Among the Russians who went out during the recent protests and even more among those who provided legal and other aid to the victims were a lot of like-minded people who at the beginning of the war publicly marched for peace, condemned the annex­a­tion of Crimea and all these years held rallies in defense of Ukrainian political prisoners.

At the time, those people supported us. They went against the mili­taristic hysteria of the majority and put them­selves at great risk.

To walk through the center of Moscow with a huge poster “Hands off Ukraine!” is not compa­rable to protest in front of the Russian embassy in Kyiv. The cases of Daria Poliudova, Denis Bakholdin and other Russians who were impris­oned for supporting Ukraine are an eloquent confir­ma­tion of this.

I wrote these lines during the protests in the summer of 2019, which began after the Central Election Commis­sion of the Russian Feder­a­tion refused to register oppo­si­tion candi­dates to run in the Moscow City Duma elections. Never­the­less, we have such a situation now that it is worth retelling.

I do not share Alexei Navalny’s attitude to solving the problem of the Russian-occupied Crimea, which Ukrainians remember as the metaphor­ical “Crimea is not a sandwich”. I also consider his state­ments during the Russian-Georgian war inad­mis­sible. But Russia is not only the country of Putin or even Navalny, Russia is also the country of Sakharov. And this is worth remembering.

Above all, Ukrainian interests must be protected by Ukrainian politicians. 

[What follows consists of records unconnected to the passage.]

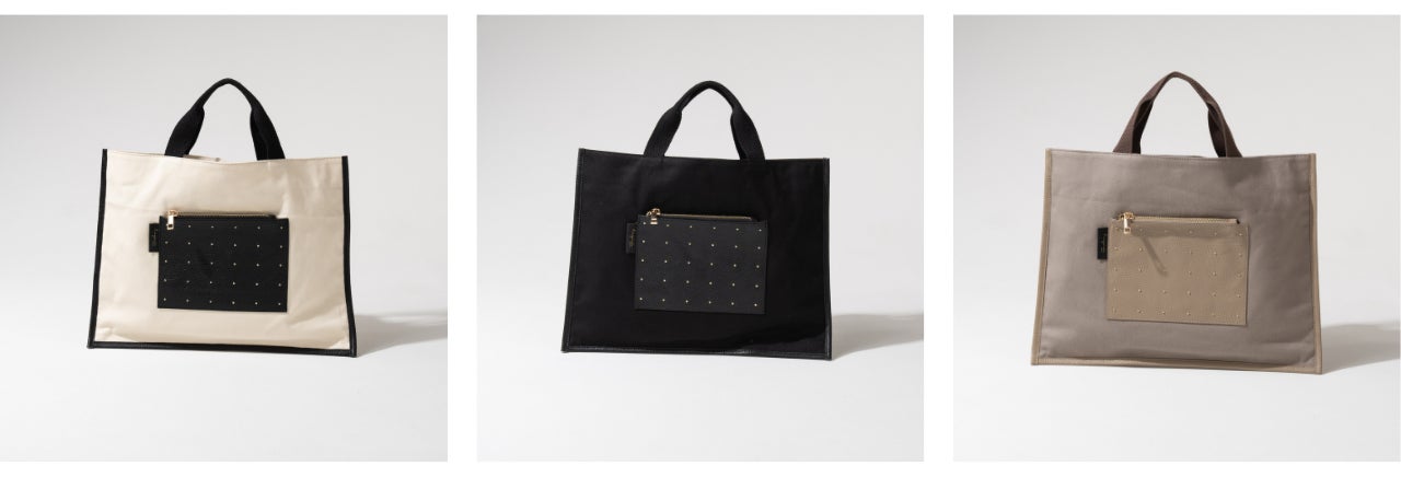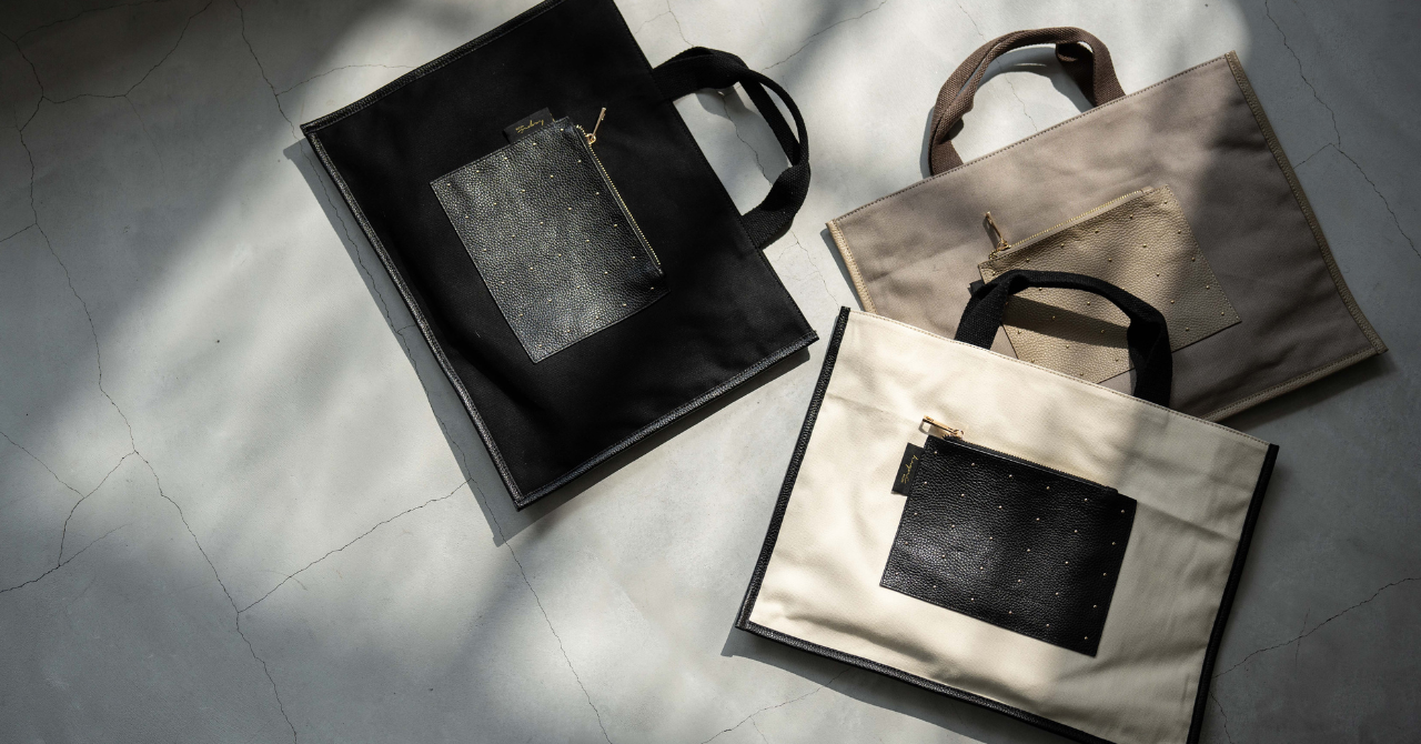 【HAYNI】上品なゴールドドットのデザインが新登場。本革ポケットをあしらった「多機能キャンバスバッグ」6/24より発売開始。
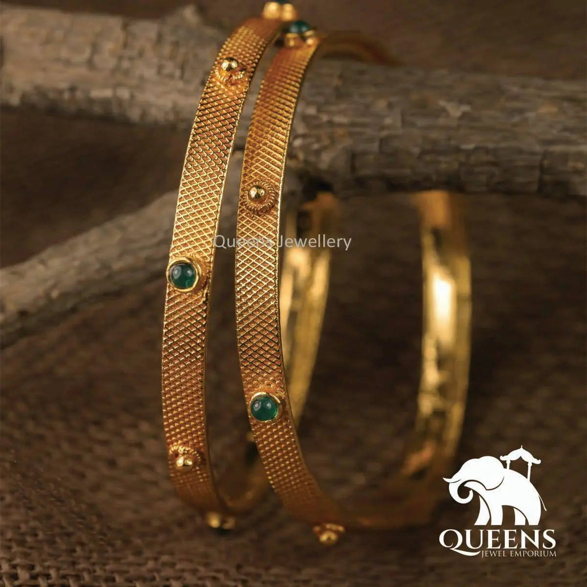 A very simple and elegant pair of plain bangles highlighted with small green stones for all occasions.
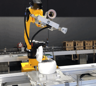 介紹:3號機器人“大哥” 身兼數(shù)職,通過快速更換夾具,先后驅(qū)動吸標(biāo)夾具和視覺外觀檢查夾具,無縫銜接完成貼標(biāo)、合蓋、檢測等任務(wù)。并對產(chǎn)品外觀作最后的檢查。
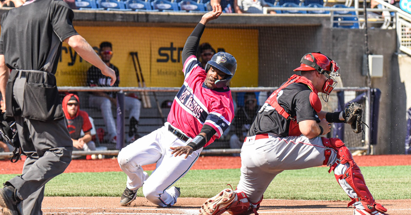 J.C. Keys (L, 1-2) allowed singles to Ray-Patrick Didder and McIntosh before departing, and Stevie Branche loaded the bases with a walk to Conine before Hollins lifted a fly ball down the right field line that was misplayed into a bases-clearing double. J.D. Orr followed with an RBI single, and scored thanks to his second of three stolen bases and a wild pitch.
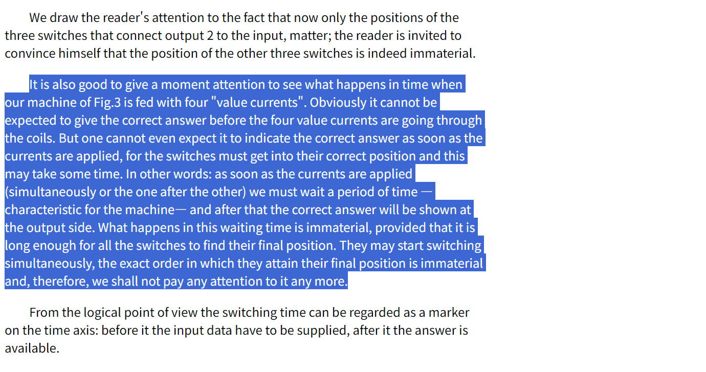 他假设了机械的几种迭代方式来说明一种抽象的概念的即---顺序和非顺序机械的区别和互相转换的点的。
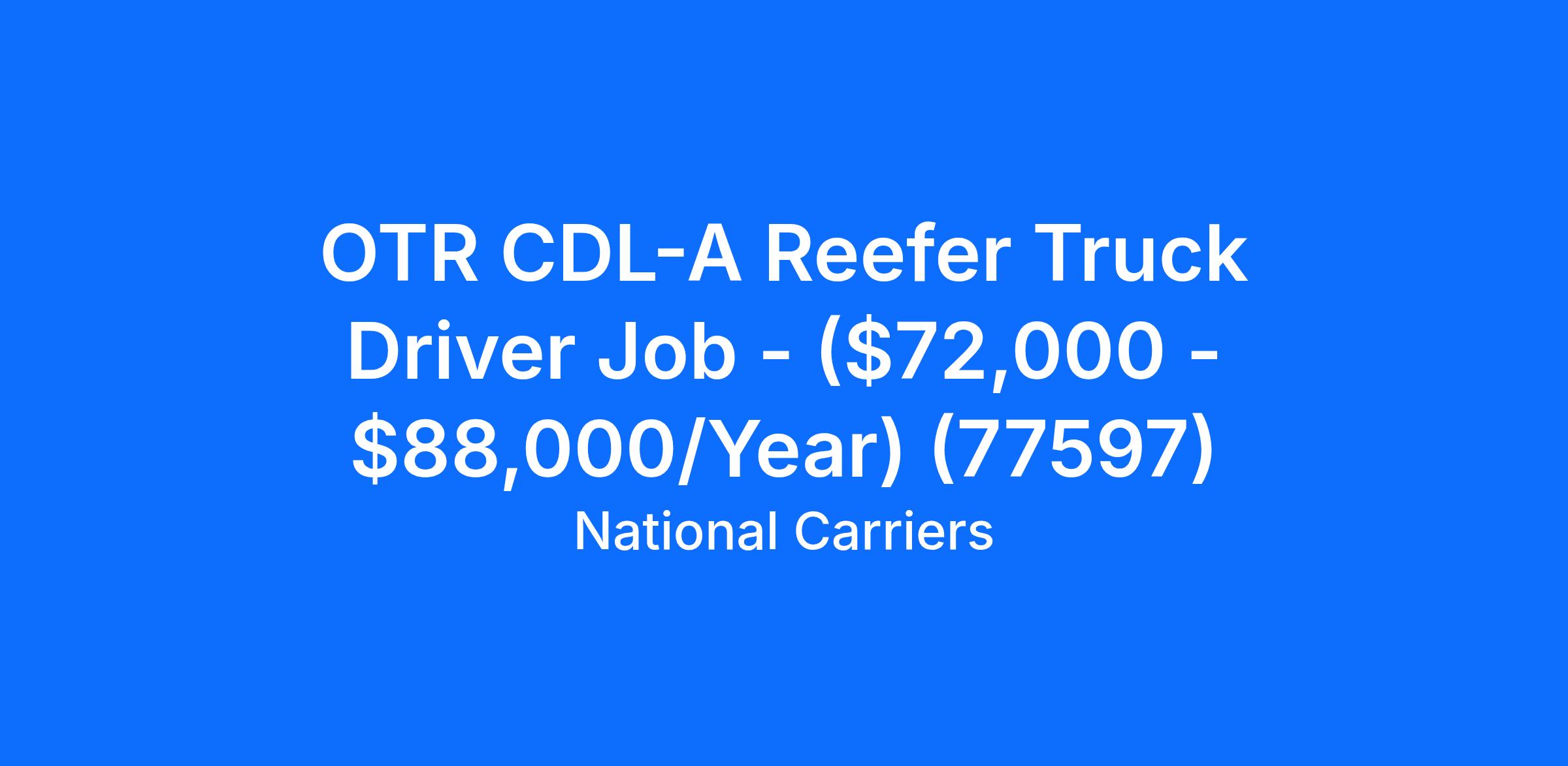 OTR CDL-A Reefer Truck Driver Job - ($72,000 - $88,000/Year) (77597)
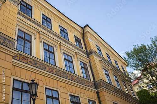 Fototapeta premium Facade of Fritz House in Banska Stiavnica.May 2023.
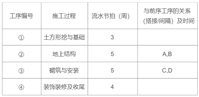 2.写出流水节拍参数表中:A、C对应的工序关系,B、D对应的时间。
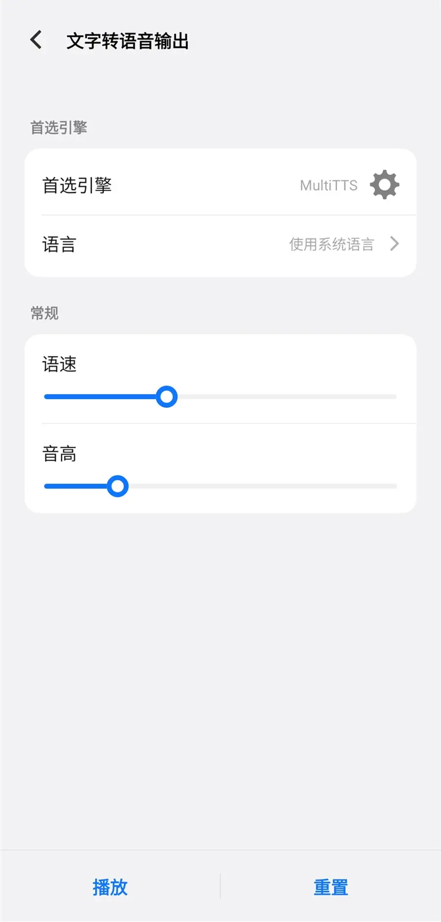 调用安卓自带TTS功能实现语音播报、小说朗读。 可以在本机安装第三方TTS,例如MultiTTS,然后导入各种离线语音包。

It is strange to pass our problems on to someone else and rest all hopes on Navalny. Ukrainian politi­cians need to do it faith­fully, using their best efforts. Then the politi­cians of other countries will take us into account.

In the current condi­tions, Russia’s path to freedom and democracy will be hard. It requires patience and courage. And being honest with oneself to overcome imperial ambitions. To defeat the author­i­tarian regime, members of the nonvi­o­lent resis­tance need the support of still indif­ferent or propa­ganda-obsessed citizens. Russia is going to face the Duma elections and a new wave of protest activity in the fall. So now the struggle is not in the streets with the police. The struggle is for the hearts and minds of Russian citizens. I sincerely wish them success. “Russia will be free!”